Figura 1 – Gli ambiti green di attività
(cliccare sull’immagine per visualizzarla correttamente)

Partiamo dalla figura 1 dove “all’interno” dell’It corrisponde in figura a Green It 1.0 ossia l’insieme di quegli asset tecnologici, servizi e best practice relativi all’infrastruttura e alle operazioni It aziendali, che si possono ulteriormente suddividere in due livelli: 1) data center e facilities ; 2) distributed It.
“Al di fuori” dell’It è rappresentato in figura da Green It 2.0, dove vengono capitalizzati asset tecnologici, servizi e best practice per incrementare la sostenibilità green delle operazioni aziendali e della vita sociale in generale.

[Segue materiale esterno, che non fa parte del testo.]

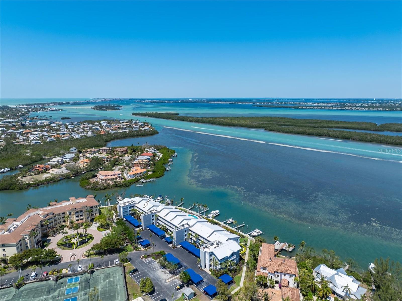 Welcome to Water Song, your slice of paradise at Harbour Villa Club in prestigious Longboat Key! Water Song is a beautifully maintained top-floor condo with breathtaking water views from nearly every room. Wake up to shimmering water views from your master bedroom and enjoy your morning coffee on the enclosed lanai (216 Sq Ft lanai). Located on the top floor, this two bedroom/ two bath beauty has cathedral ceilings making this quiet residence feel bright, airy, and peacefully tucked away. The 40’ DEEDED BOAT SLIP is just outside your condo so bring your boat or rent the slip for income. Enjoy exclusive access to an array of resort-style amenities: covered private parking space, heated pool and spa, tennis & pickleball courts, kayak storage and launch, and a waterside outside grilling area. Every inch of this home has been lovingly cared for, offering a seamless blend of comfort, elegance, coastal living, and access to culture and the arts. Stroll the sandy white beaches of Longboat Key, watch the sunset, relax by the pool, enjoy a day on the boat, or head out for a paddle. Water Song’s unique proximity to Sarasota, St Armands Circle and Anna Maria Island provides access to world class restaurants, theaters, shopping and the arts. Located in one of the few communities on Longboat Key that allows WEEKLY rentals, this property is a rare investment opportunity or the perfect full-time escape. Don’t miss this exceptional opportunity — where every day feels like vacation! Call now for your private showing!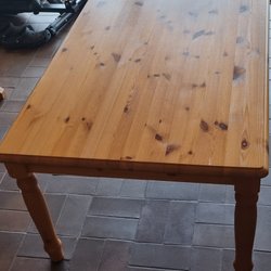 Troligen betsad och lackad björk. Svårt att fota pga den blanka ytan.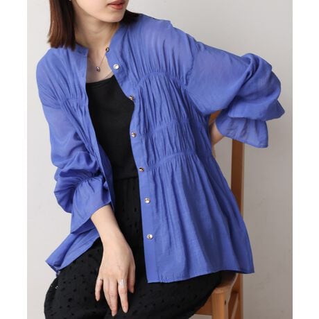 上品なツヤ感が魅力の、ギャザー付きブラウス。胸元のギャザーと袖に施したギャザーが立体感を演出し1枚で着映えするデザイン。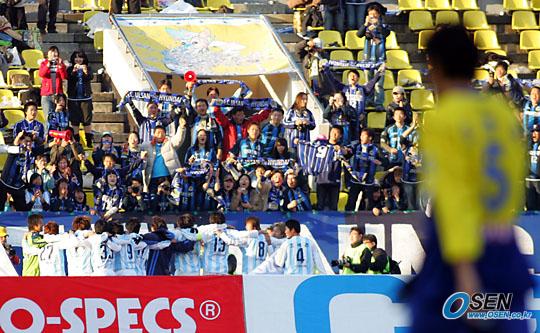 성남종합운동장에서 20일 열린 성남 일화와 울산 현대의 플레이오프서 울산 현대가 2-1 승리로 결승에 진출하게 되자 선수들이 서포터스 앞으로 달려가 기뻐하자 성남 일화의 한 선수가 부러운듯 쳐다보고 있다./성남=주지영 기자 jj0jj0@osen.co.kr [Copyright ⓒ OSEN(www.osen.co.kr) 무단전재 및 재배포 금지]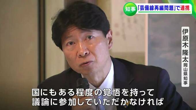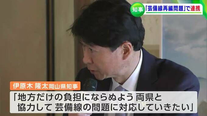 福山市の神勝寺で行われた両県知事会議では、芸備線の「新見市と広島県庄原市の一部区間」で議論されている再編問題などについて話し合われ、伊原木知事は、「広島県や沿線自治体と協力しながら、再編問題が地方だけの負担にならぬよう国の動きを注視したい」と述べました。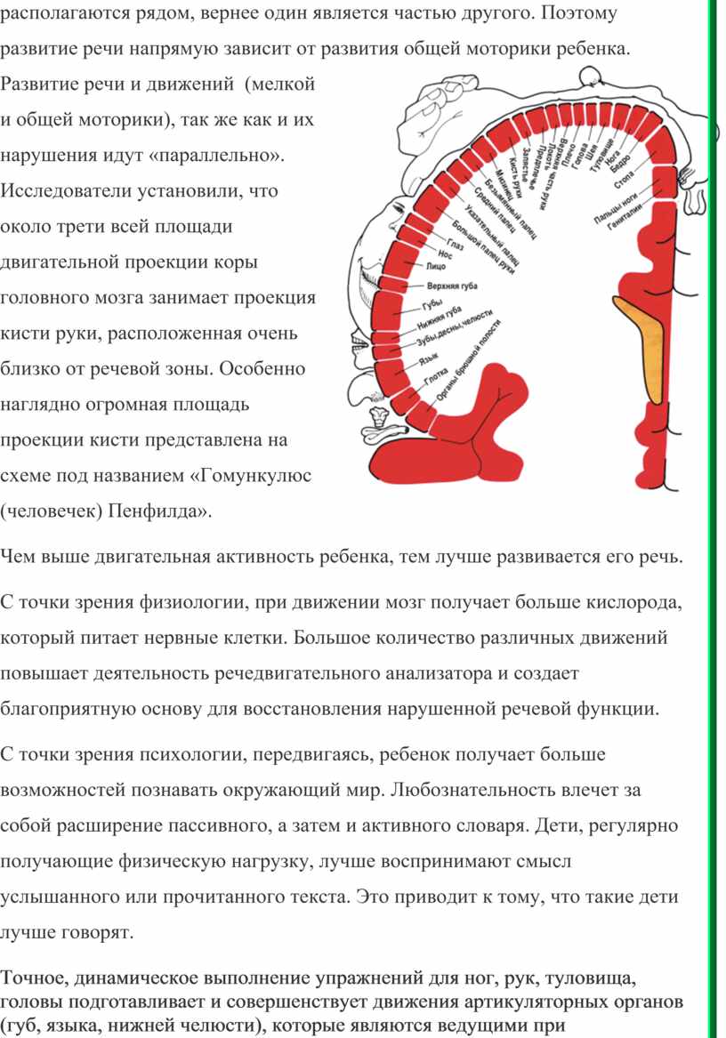 Чем выше двигательная активность ребенка, тем лучше развивается его речь. Взаимосвязь общей и речевой моторики изучена и подтверждена исследованиями многих крупнейших ученых, таких, как И.П. Павлов, А.А. Леонтьев, А.Р. Лурия. Когда ребенок овладевает двигательными умениями и навыками, развивается координация движений. Обучение движениям происходит при участии речи. Точное, динамичное выполнение упражнений для ног, туловища, рук, головы подготавливает совершенствование движений артикулярных органов: губ, языка, нижней челюсти и т.д.

Anche in questo caso abbiamo due livelli sottostanti: 3) processi e applicazioni business aziendali fuori dell’IT (come supply chain, telelavoro, automazione processi); 4) infrastruttura pubblica, che sfrutta in senso green la capacità It di creare sistemi di trasporto efficienti, smart grid per la potenza elettrica, comunità che funzionano in economia green.
Naturalmente il modo di relazionarsi di questi quattro livelli tra loro è complesso e frastagliato: ce ne dà un’idea la figura 2 che rappresenta l’area in cui i livelli si collocano in funzione del tipo di implementazione green (variabile fra gli estremi “implementazione effettiva” o “concettuale”) e del grado di focalizzazione (variabile da “solo locale” a “pubblica”).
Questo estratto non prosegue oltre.